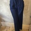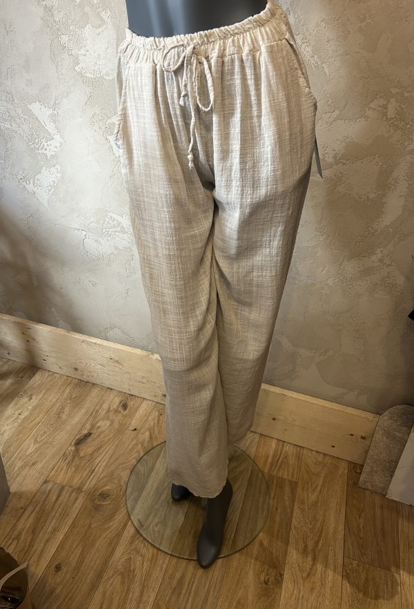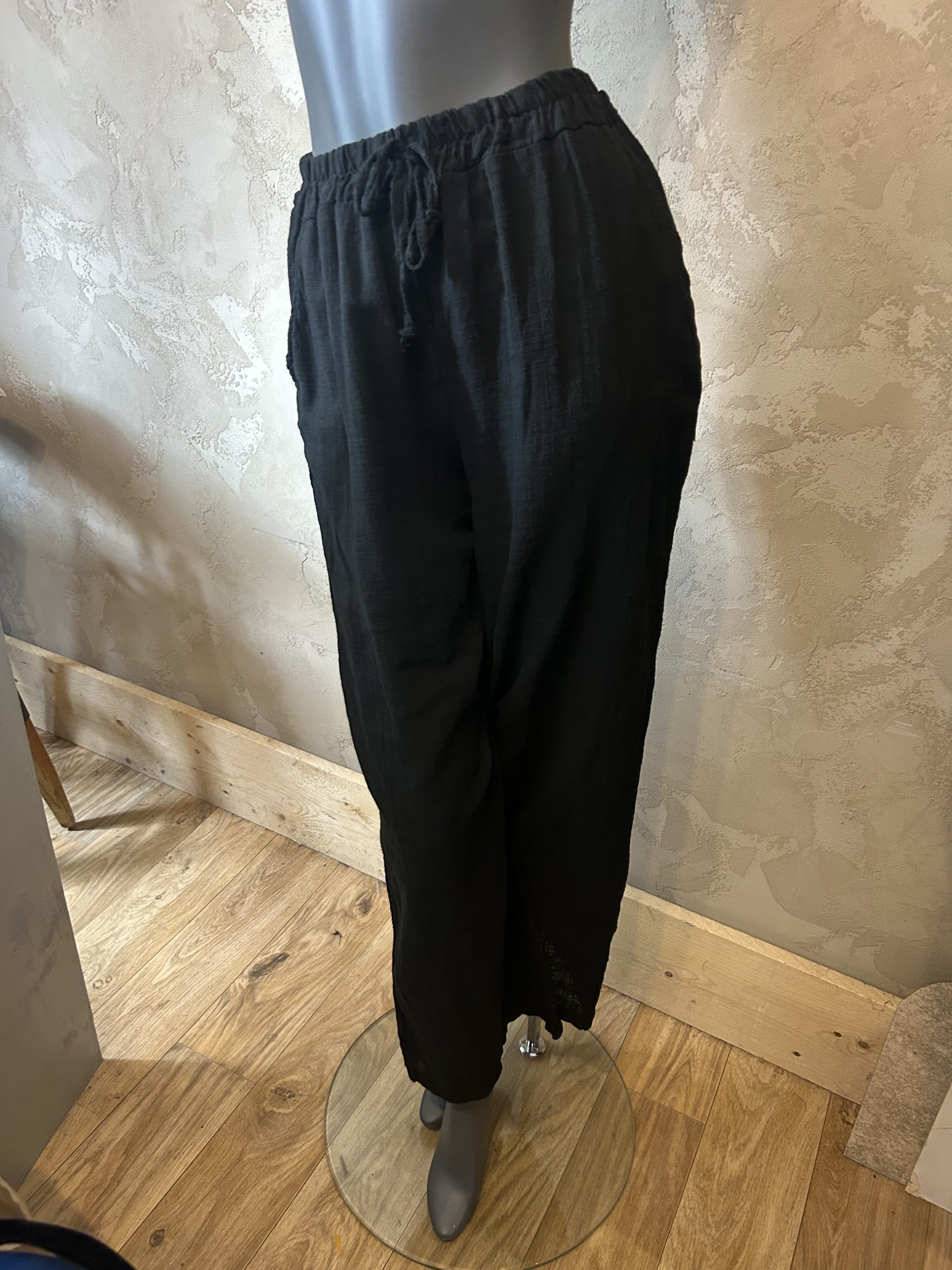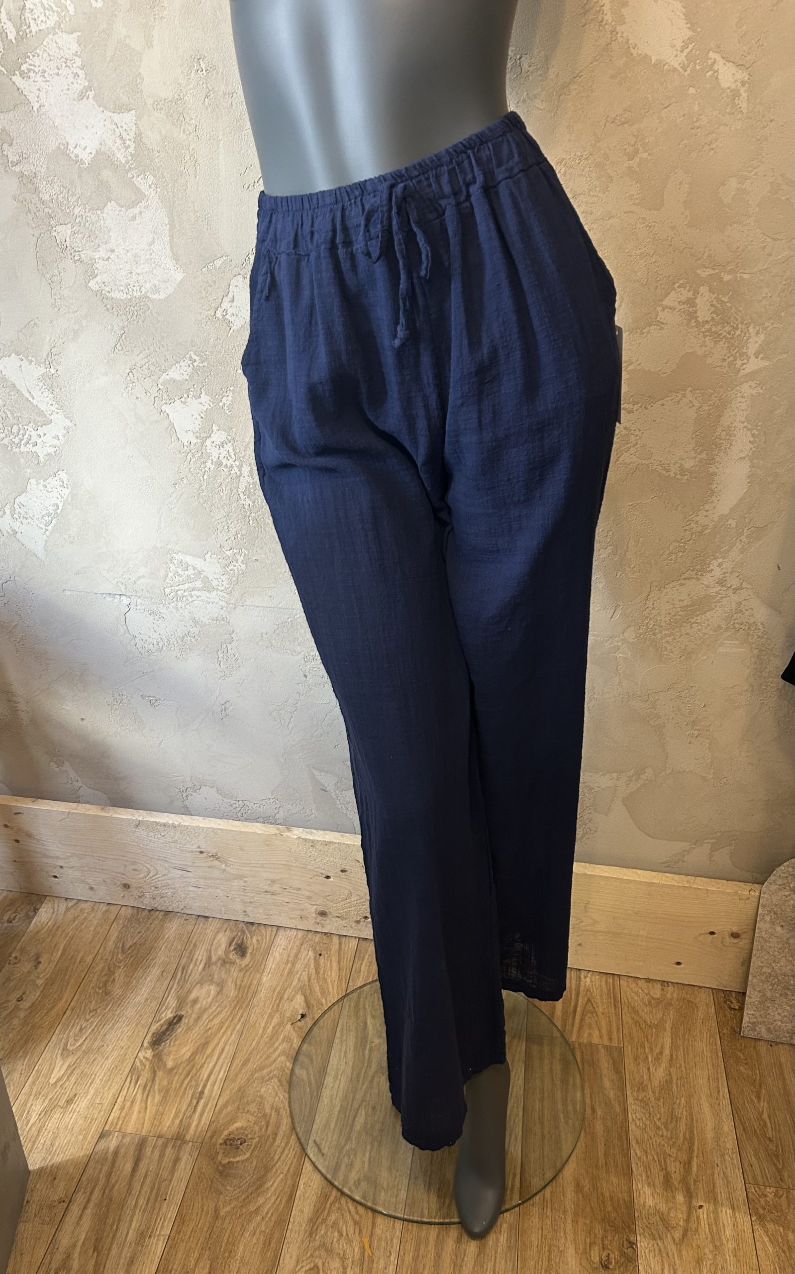 Our lightweight wide leg Italian cotton trouser have an elasticated drawstring waist and side pockets.  Available in navy, black or stone.  One size fits 10-16.
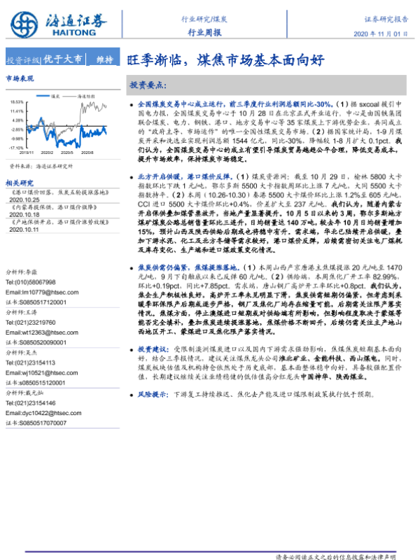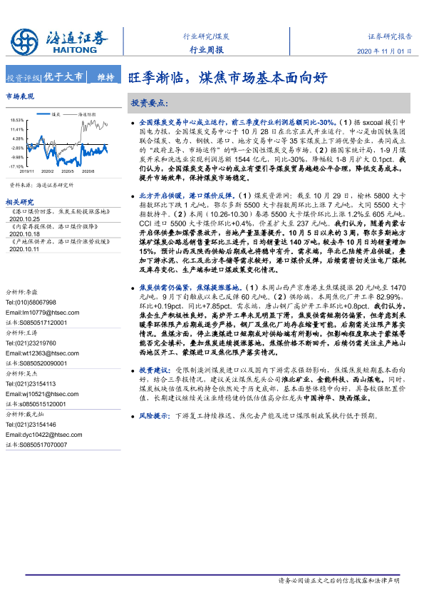 【海通证券】【20201101】煤炭行业周报:旺季渐临,煤焦市场基本面向好-2页
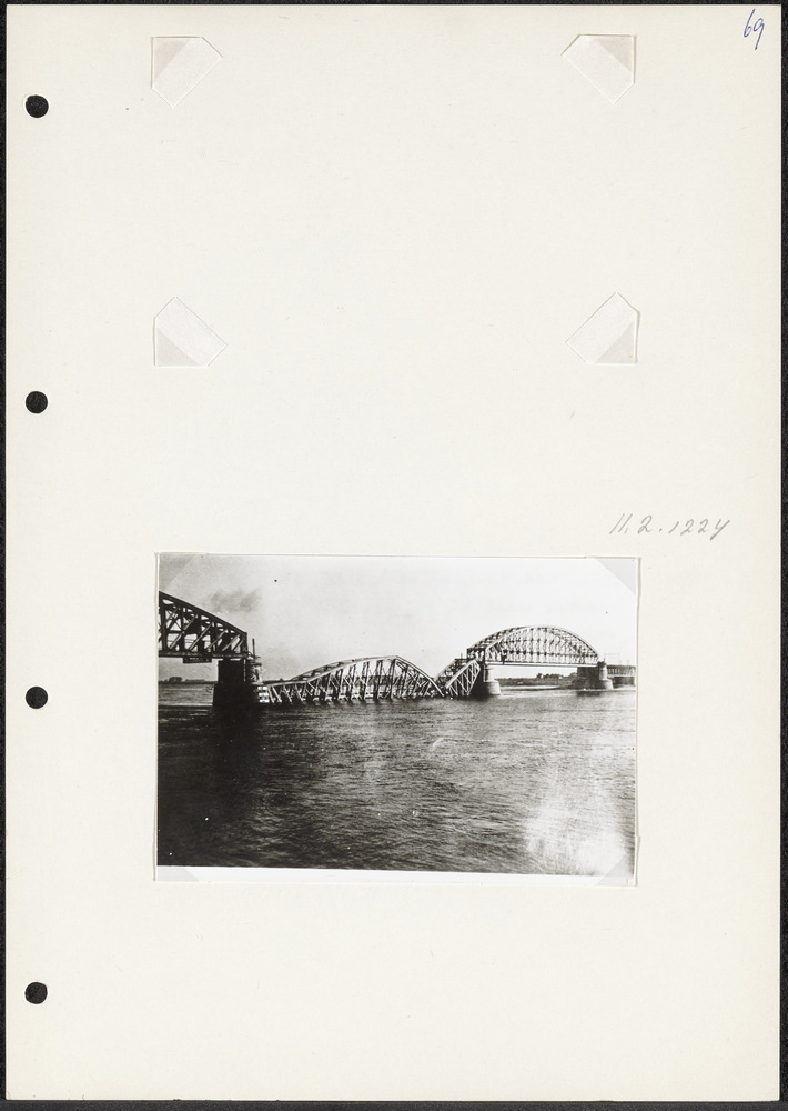 Foto opgeblazen spoorbrug te Nijmegen, mei 1940. Tek...
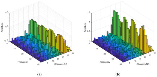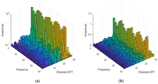 Figure 3 allows visual assessing of the Fourier transform on a finite interval. The channel DFT axis refer to the spreading of the mono-harmonic signal spectrum along the adjacent DFT channels, which is caused by the presence of sidelobes of the frequency response of the channel. One can see their level and shape along the frequency axis. Non-zero transmission coefficients in a fairly wide frequency range lead to the penetration of frequencies into adjacent channels and degrade noise filtering.
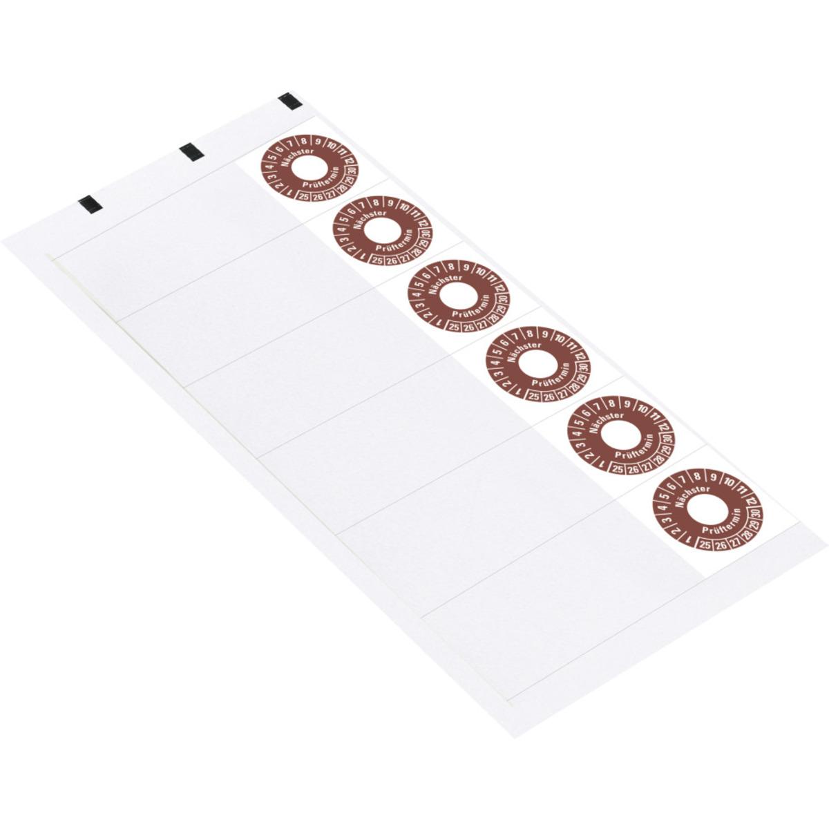 Auswahl: Kabelprüfplakette Nä.Prüftermin 25-30, braun, Folie, selbstkl., 95x25mm, 6/Bogen
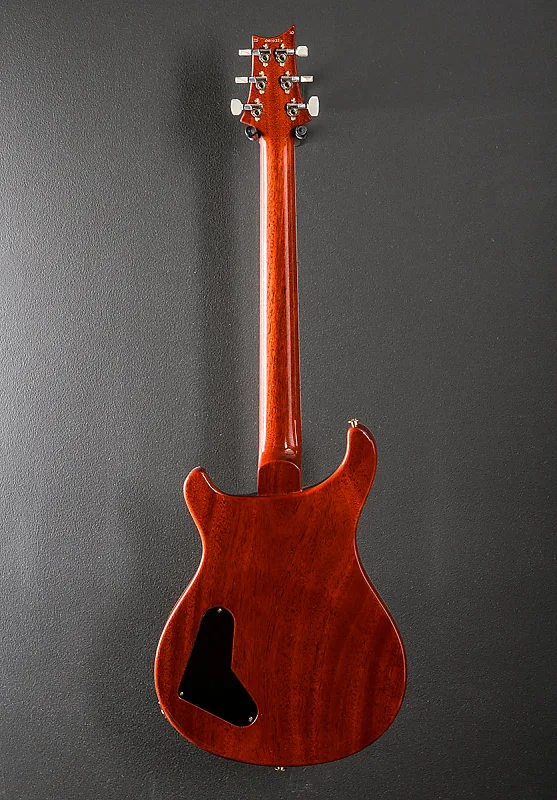 ».McCarty Sunburst, Глянцевое нитро покрытие, Скрипка с резным верхом из клена Flame Maple 10, Корпус из красного дерева, Узор из резного грифа из махагони, Палисандровый гриф радиусом 10 дюймов с инкрустациями Bird и окантовкой из искусственной кости, длина мензуры 25 дюймов, 1 11/16-й порожок, бридж и нековые звукосниматели PRS McCarty III, 3-позиционное тумблерное переключение с регулировкой громкости и регуляторами тембра push/pull катушки, Мост стоптейла PRS с латунными вставками, PRS Phase III невлокирующие колки с крыловидными кнопками, 7,4 фунта, с жестким кейсом
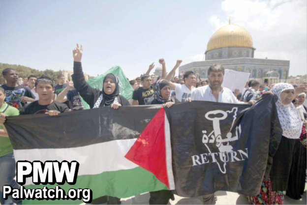 On the anniversary of the establishment of the State of Israel, referred to by the PA and Palestinians as the Nakba – “the catastrophe,” official PA TV called to “raise the Palestinian flag at the entrance to every village and town in Palestine to declare that this land is the land of Palestine,” specifying that this should be done in “Jaffa, Nazareth, Haifa, Acre, Lod, and Ramle,” – all of which are Israeli cities.
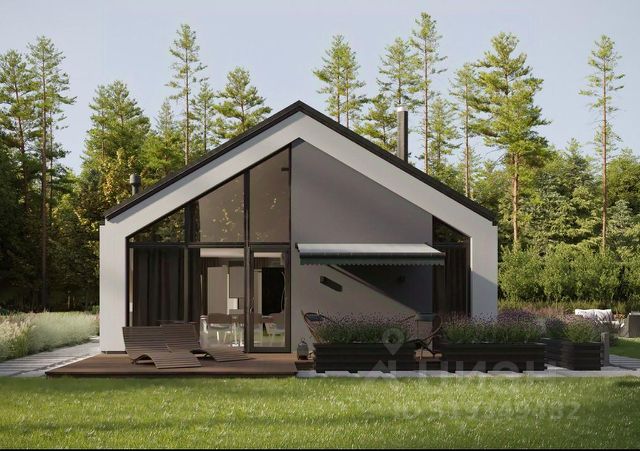 • Продуманное расположение дома, где основная свободная часть участка расположена перед панорамными окнами и террасой, с видом на лес. Представьте: чистый воздух, пение птиц, потрясающие закаты и рассветы, которыми можно любоваться сидя на террасе или находясь в доме, сквозь панорамные окна
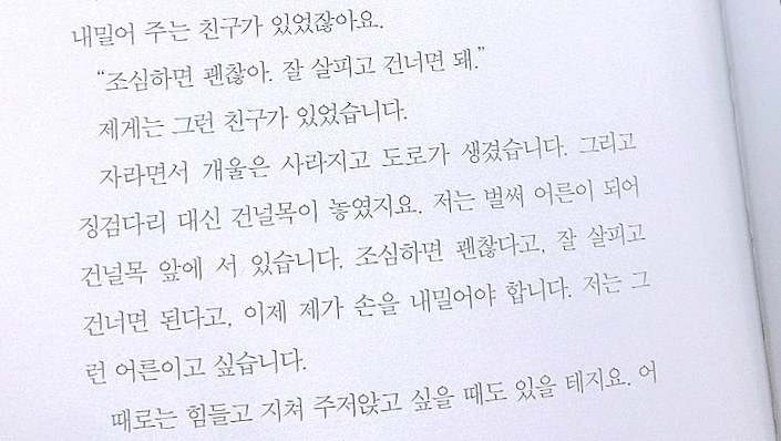 우리 그래도 덜 힘들게 덜 아프게 덜 무섭게 그 시기를 건널 수 있도록 서로에게 작은 건널목이 되어 줄 수는 있습니다.
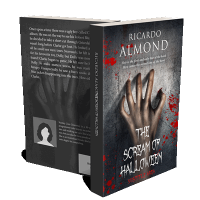 “A hand reaching upwards on a grungy, blood-splattered background, with large spooky text.”
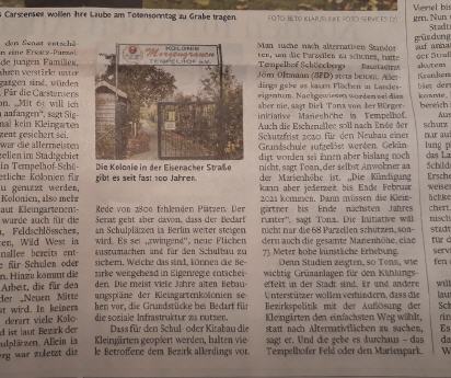 über die anstehende Räumung der Kolonie "Morgengrauen" in der Eisenacher Straße. Dazu im Artikel ein Statement der Bürgerinitiative Marienhöhe zu dem Klimaeffekt der Kleingärten "Eschenallee" auf der Marienhöhe.
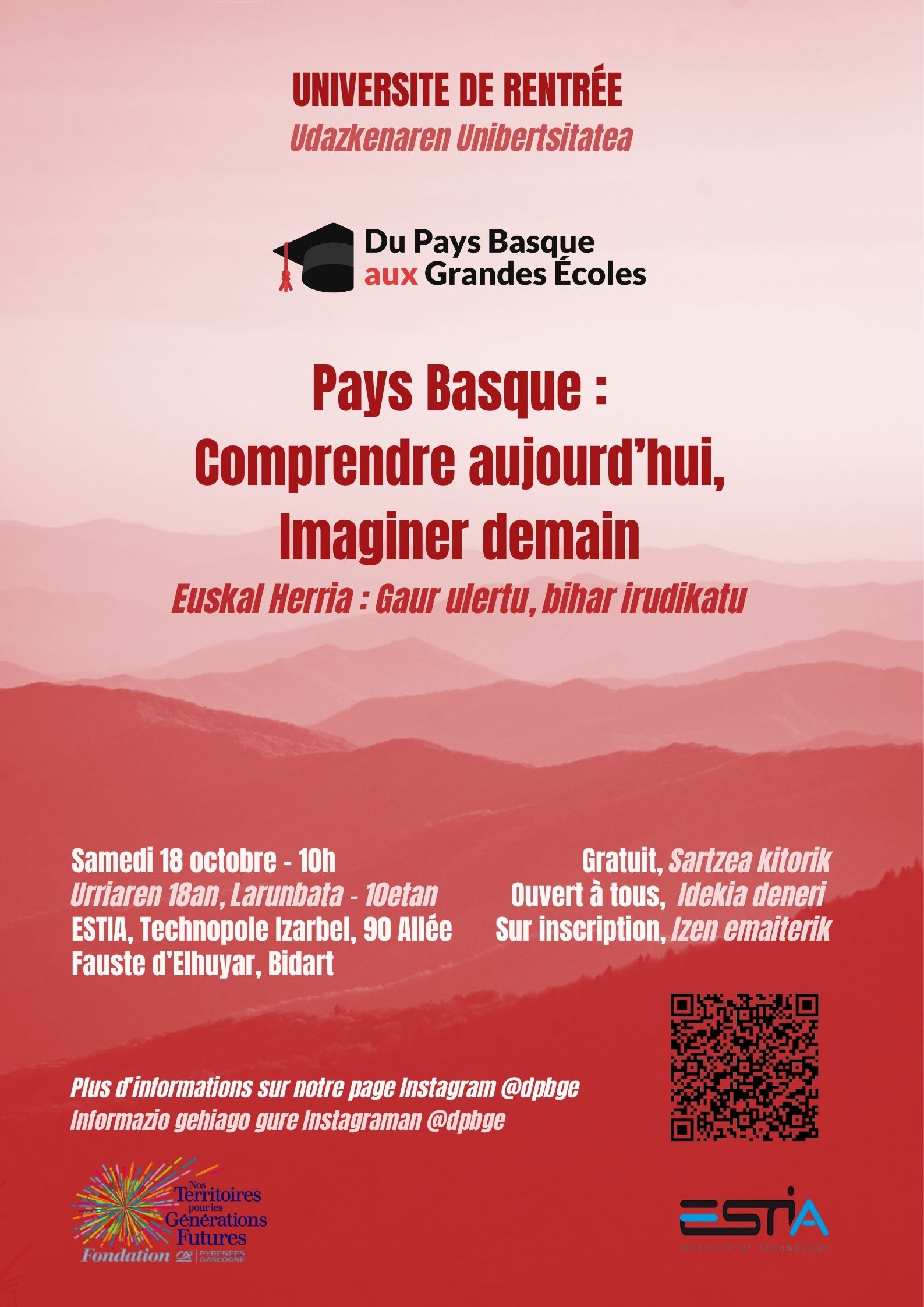 Pour contribuer à la construction et au dynamisme du Pays Basque de demain, nous souhaitons soutenir le retour sur le territoire des diplômés, en promouvant notamment l’entreprenariat au Pays Basque.
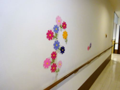 かわいらしいコスモスを入居者様も気に入ってくれてくださっております。

○ ○ ○

Exercise description: An exact copy of the records above is wanted, with the pictures omitted.

Solution for this task:
 Our lightweight wide leg Italian cotton trouser have an elasticated drawstring waist and side pockets.  Available in navy, black or stone.  One size fits 10-16.
 【海通证券】【20201101】煤炭行业周报:旺季渐临,煤焦市场基本面向好-2页
 Foto opgeblazen spoorbrug te Nijmegen, mei 1940. Tek...
 Figure 3 allows visual assessing of the Fourier transform on a finite interval. The channel DFT axis refer to the spreading of the mono-harmonic signal spectrum along the adjacent DFT channels, which is caused by the presence of sidelobes of the frequency response of the channel. One can see their level and shape along the frequency axis. Non-zero transmission coefficients in a fairly wide frequency range lead to the penetration of frequencies into adjacent channels and degrade noise filtering.
 Auswahl: Kabelprüfplakette Nä.Prüftermin 25-30, braun, Folie, selbstkl., 95x25mm, 6/Bogen
 ».McCarty Sunburst, Глянцевое нитро покрытие, Скрипка с резным верхом из клена Flame Maple 10, Корпус из красного дерева, Узор из резного грифа из махагони, Палисандровый гриф радиусом 10 дюймов с инкрустациями Bird и окантовкой из искусственной кости, длина мензуры 25 дюймов, 1 11/16-й порожок, бридж и нековые звукосниматели PRS McCarty III, 3-позиционное тумблерное переключение с регулировкой громкости и регуляторами тембра push/pull катушки, Мост стоптейла PRS с латунными вставками, PRS Phase III невлокирующие колки с крыловидными кнопками, 7,4 фунта, с жестким кейсом
 On the anniversary of the establishment of the State of Israel, referred to by the PA and Palestinians as the Nakba – “the catastrophe,” official PA TV called to “raise the Palestinian flag at the entrance to every village and town in Palestine to declare that this land is the land of Palestine,” specifying that this should be done in “Jaffa, Nazareth, Haifa, Acre, Lod, and Ramle,” – all of which are Israeli cities.
 • Продуманное расположение дома, где основная свободная часть участка расположена перед панорамными окнами и террасой, с видом на лес. Представьте: чистый воздух, пение птиц, потрясающие закаты и рассветы, которыми можно любоваться сидя на террасе или находясь в доме, сквозь панорамные окна
 우리 그래도 덜 힘들게 덜 아프게 덜 무섭게 그 시기를 건널 수 있도록 서로에게 작은 건널목이 되어 줄 수는 있습니다.
 “A hand reaching upwards on a grungy, blood-splattered background, with large spooky text.”
 über die anstehende Räumung der Kolonie "Morgengrauen" in der Eisenacher Straße. Dazu im Artikel ein Statement der Bürgerinitiative Marienhöhe zu dem Klimaeffekt der Kleingärten "Eschenallee" auf der Marienhöhe.
 Pour contribuer à la construction et au dynamisme du Pays Basque de demain, nous souhaitons soutenir le retour sur le territoire des diplômés, en promouvant notamment l’entreprenariat au Pays Basque.
 かわいらしいコスモスを入居者様も気に入ってくれてくださっております。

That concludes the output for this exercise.